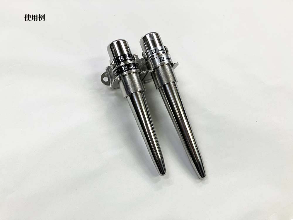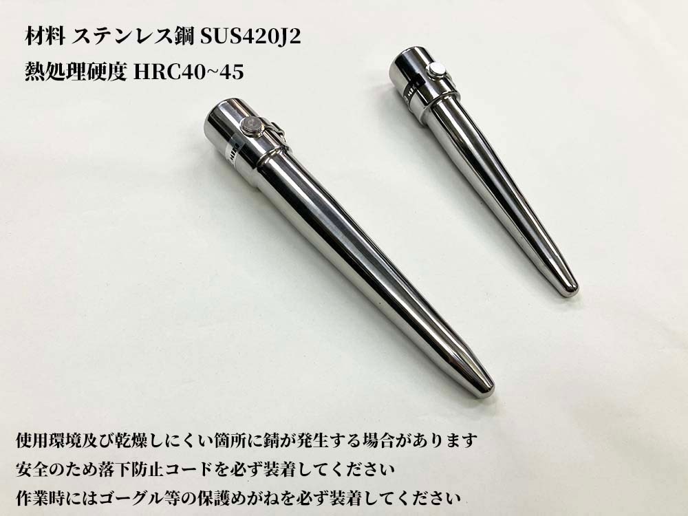 MIKI 三貴 ボール芯 ヨセポンチ YB19(6分) YB22(7分) 材料 ステンレス鋼 SUS420J2 熱処理硬度HRC40~45 ※ 使用環境及び乾燥しにくい箇所に錆びが発生する場合があります 安全のため落下防止コードを必ず装着してください 作業時にはゴーグル等の保護めがねを必ず着用してください YB19(19㎜6分) 全長約165㎜ 重量420g YB22(22㎜7分) 全長185㎜ 重量約525g
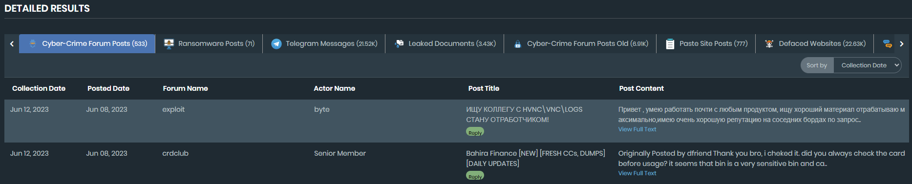 The detailed results section displays the detailed information of the discovered search results. The following data is displayed for each source. Use Sort by dropdown to sort data based on Collection Date, Posted Date, or Updated Date.
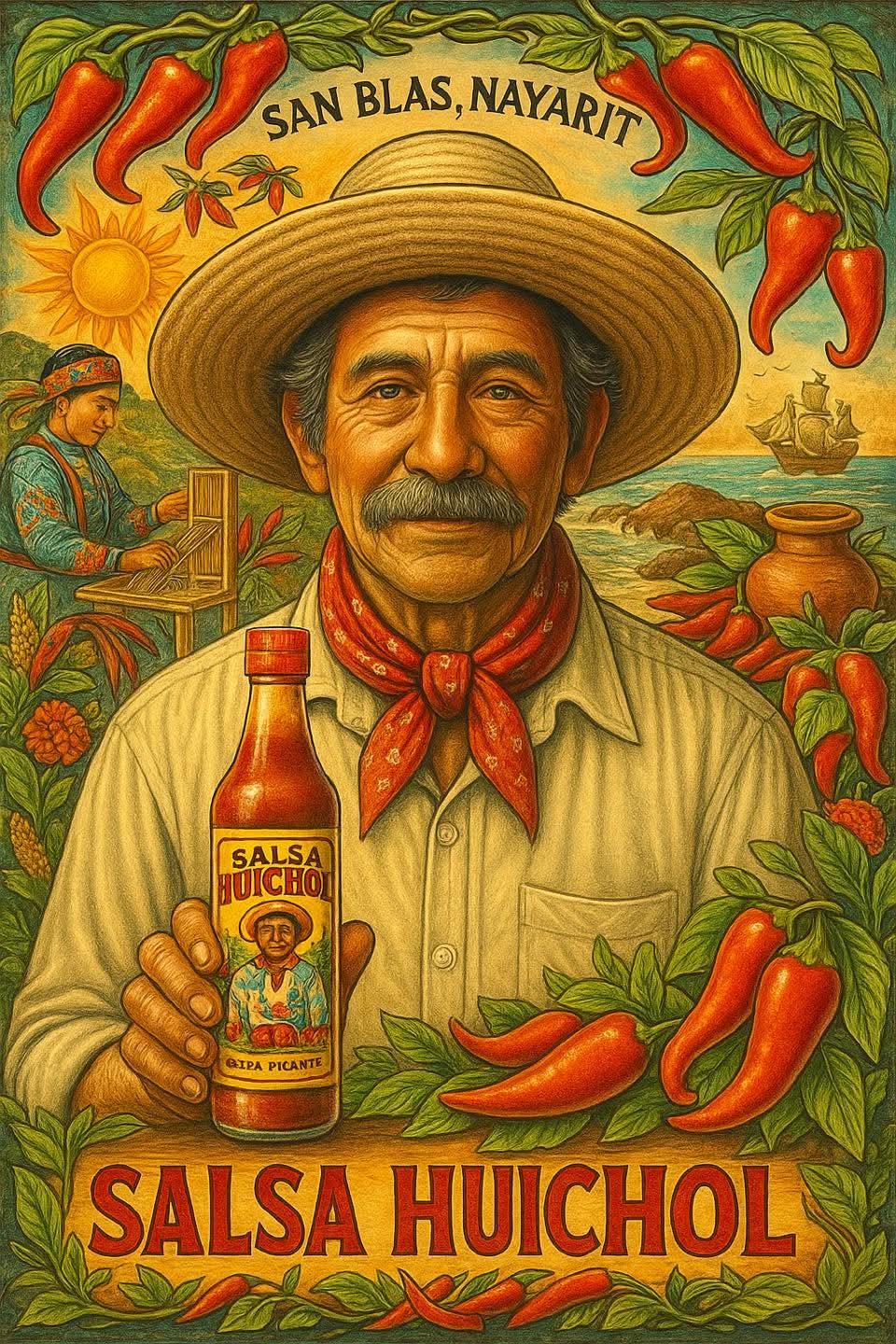 Con chiles secos, vinagre y una mezcla secreta de especias, Don Roberto elaboró su primera salsa artesanal en casa. No tenía idea de que aquel frasco humilde se convertiría en un ícono nacional, conocido por su sabor único y por representar la tradición huichol.
--- --- ---
• _ASSIGNED TASK_
No pictures should appear in the copy. Print exactly the lines above from the line containing "The detailed results" through the last line of the data.

• _RESPONSE FOR THIS EXERCISE_
 The detailed results section displays the detailed information of the discovered search results. The following data is displayed for each source. Use Sort by dropdown to sort data based on Collection Date, Posted Date, or Updated Date.
 Con chiles secos, vinagre y una mezcla secreta de especias, Don Roberto elaboró su primera salsa artesanal en casa. No tenía idea de que aquel frasco humilde se convertiría en un ícono nacional, conocido por su sabor único y por representar la tradición huichol.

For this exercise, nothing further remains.